-- Work to complete --
Copy the data that follows exactly, and include none of its images.
Collected data Start Marker
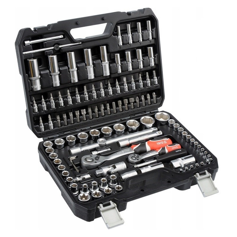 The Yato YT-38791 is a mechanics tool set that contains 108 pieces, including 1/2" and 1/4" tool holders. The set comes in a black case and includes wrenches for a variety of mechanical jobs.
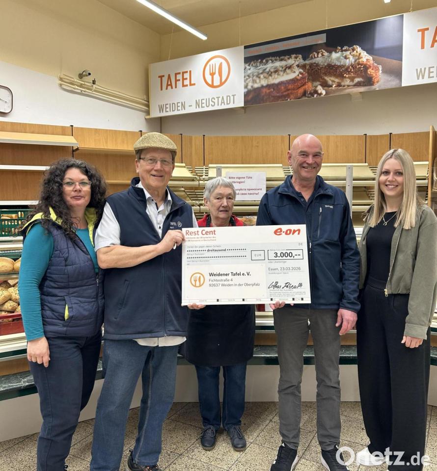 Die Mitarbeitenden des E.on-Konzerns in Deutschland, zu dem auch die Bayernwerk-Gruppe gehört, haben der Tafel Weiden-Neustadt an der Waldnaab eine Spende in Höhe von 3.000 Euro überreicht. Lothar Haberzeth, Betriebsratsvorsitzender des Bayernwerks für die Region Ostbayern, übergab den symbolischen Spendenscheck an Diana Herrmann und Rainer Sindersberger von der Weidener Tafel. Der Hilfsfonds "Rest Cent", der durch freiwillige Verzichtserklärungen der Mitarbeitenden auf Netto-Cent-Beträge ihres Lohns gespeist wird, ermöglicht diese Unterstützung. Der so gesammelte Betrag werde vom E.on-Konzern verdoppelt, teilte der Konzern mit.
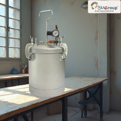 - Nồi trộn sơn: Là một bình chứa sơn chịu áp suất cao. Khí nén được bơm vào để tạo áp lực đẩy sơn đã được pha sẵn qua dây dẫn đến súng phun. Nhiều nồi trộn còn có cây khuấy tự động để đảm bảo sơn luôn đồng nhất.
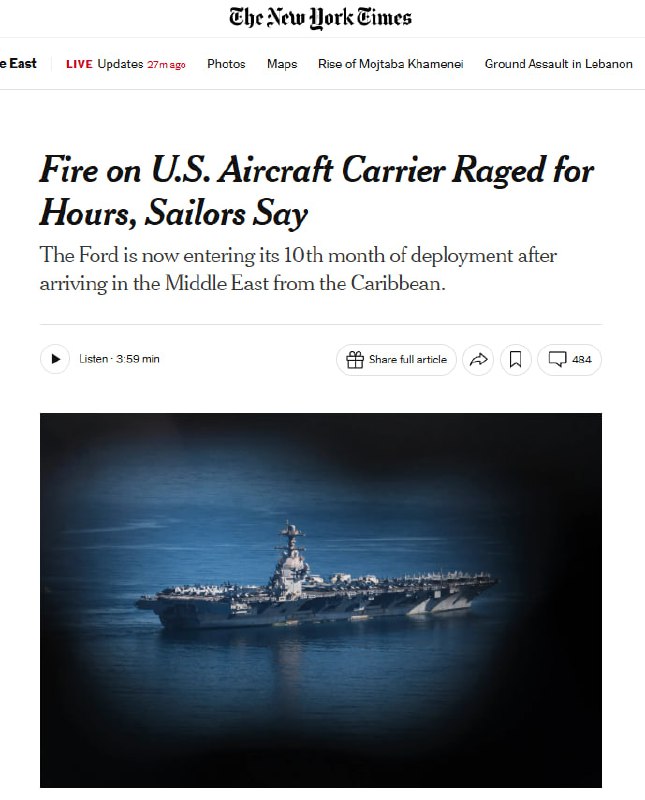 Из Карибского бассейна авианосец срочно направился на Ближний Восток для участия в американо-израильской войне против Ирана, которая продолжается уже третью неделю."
Collected data End Marker
-- Expected output --
 The Yato YT-38791 is a mechanics tool set that contains 108 pieces, including 1/2" and 1/4" tool holders. The set comes in a black case and includes wrenches for a variety of mechanical jobs.
 Die Mitarbeitenden des E.on-Konzerns in Deutschland, zu dem auch die Bayernwerk-Gruppe gehört, haben der Tafel Weiden-Neustadt an der Waldnaab eine Spende in Höhe von 3.000 Euro überreicht. Lothar Haberzeth, Betriebsratsvorsitzender des Bayernwerks für die Region Ostbayern, übergab den symbolischen Spendenscheck an Diana Herrmann und Rainer Sindersberger von der Weidener Tafel. Der Hilfsfonds "Rest Cent", der durch freiwillige Verzichtserklärungen der Mitarbeitenden auf Netto-Cent-Beträge ihres Lohns gespeist wird, ermöglicht diese Unterstützung. Der so gesammelte Betrag werde vom E.on-Konzern verdoppelt, teilte der Konzern mit.
 - Nồi trộn sơn: Là một bình chứa sơn chịu áp suất cao. Khí nén được bơm vào để tạo áp lực đẩy sơn đã được pha sẵn qua dây dẫn đến súng phun. Nhiều nồi trộn còn có cây khuấy tự động để đảm bảo sơn luôn đồng nhất.
 Из Карибского бассейна авианосец срочно направился на Ближний Восток для участия в американо-израильской войне против Ирана, которая продолжается уже третью неделю."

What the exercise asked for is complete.